For example, without reversing the order, we get $5_{10} = |001_{2}\rangle$ after measurement since its in a order of $|q_{0}q_{1}q_{2}\rangle$ where we usually denote $5_{10} = 100$.
from qiskit import QuantumCircuit, ClassicalRegister
from qiskit import QuantumRegister
# Qubit order:
# q[0] = a1
# q[1] = a0
# q[2] = b1
# q[3] = b0
# q[4] = temp
# q[5] = carry
# initialize both quantum and classical registers and combine them to construct a initial quantum circuit
qr = QuantumRegister(6, name="q")
cr = ClassicalRegister(2, name="sum")
qc = QuantumCircuit(qr, cr, name="Adder_01+01")
# Initialize a = 01 → a1 = 0, a0 = 1s
qc.x(1)
# Initialize b = 01 → b1 = 0, b0 = 1
qc.x(3)
# Step 1: Save b0 to temp
qc.cx(3, 4)
# Step 2: CNOT(a0, b0) → sum₀
qc.cx(1, 3)
# Step 3: Toffoli(a0, temp, carry)
qc.ccx(1, 4, 5)
# Measure result: sum = b1b0
# carefully assign qubits to classical qubit, recall taht the order of classical bit is |cr_1,cr_0>!
qc.measure(qr[5], cr[1]) # b1 = 1 = c = cr[1]
qc.measure(qr[3], cr[0]) # b0 = 0 = sum = cr[0]
<qiskit.circuit.instructionset.InstructionSet at 0x16f86142c50>
You will see that we set $q_{1} = q_{3} = |1\rangle$ to make $a_{1} = b_{1} = 1$ by plotting out our circuit!
Here, we measure the carry qr[5] and sum qr[3] and assign them into our classical register. Remember that our classical register is ordering as
$$ |cr[1]cr[0]\rangle $$
# Let's plot our circuit!
qc.draw('mpl', initial_state = True)
The following blocks is calling the Qiskit simulator and compute our measurement results using StatevectorSampler provided by Qiskit.
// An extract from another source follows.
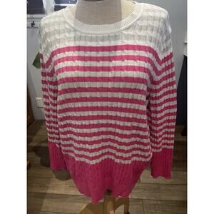 KAREN SCOTT 100% cotton crew White Pink Gray cable knit sweater XL Valentines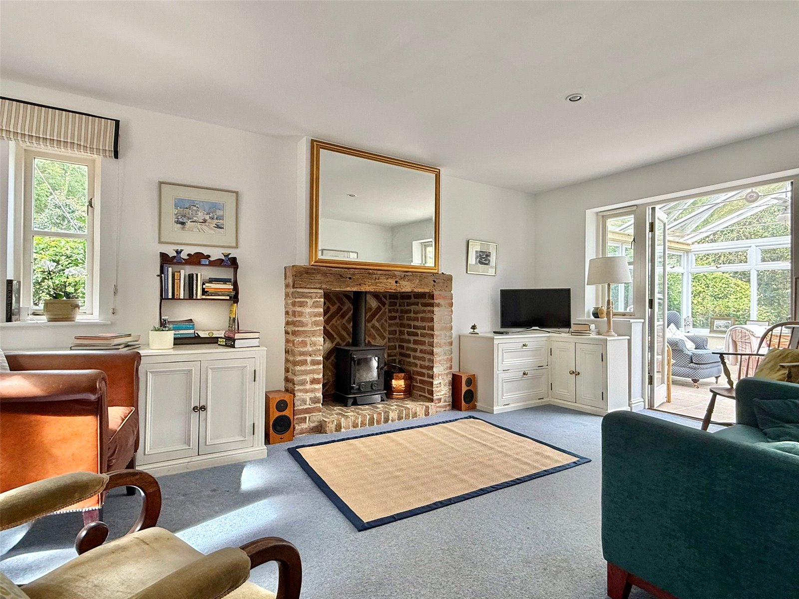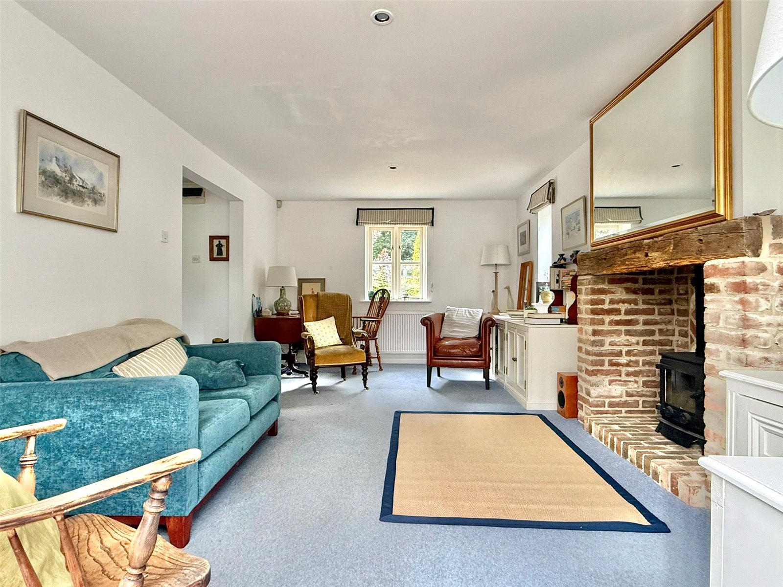 Central fireplace with timber mantle, brick surround and hearth with an inset coal effect gas fire, central heating radiators, recess ceiling spotlighting, tv point, understairs cupboard also housing the gas fired central heating boiler, triple aspect sealed unit double glazed windows double opening doors leading to:

It's worth to notice that the get_count() function return classic register in a order of
$$ |\text{cr}_{n-1}\text{cr}_{n-2}...\text{cr}_{1}\text{cr}_{0}\rangle $$
IF NO SPECIFIC ORDER IS ASSIGNED
from qiskit.primitives import StatevectorSampler as Sampler
# --- Step 5: Execute with Aer Sampler ---
sampler = Sampler()
job = sampler.run([qc],shots=4096)
result = job.result()
print(result[0])
SamplerPubResult(data=DataBin(sum=BitArray(<shape=(), num_shots=4096, num_bits=2>)), metadata={'shots': 4096, 'circuit_metadata': {}})
# See our resutl
print(result[0].data)
print(result[0].data._data.keys())
DataBin(sum=BitArray(<shape=(), num_shots=4096, num_bits=2>)) dict_keys(['sum'])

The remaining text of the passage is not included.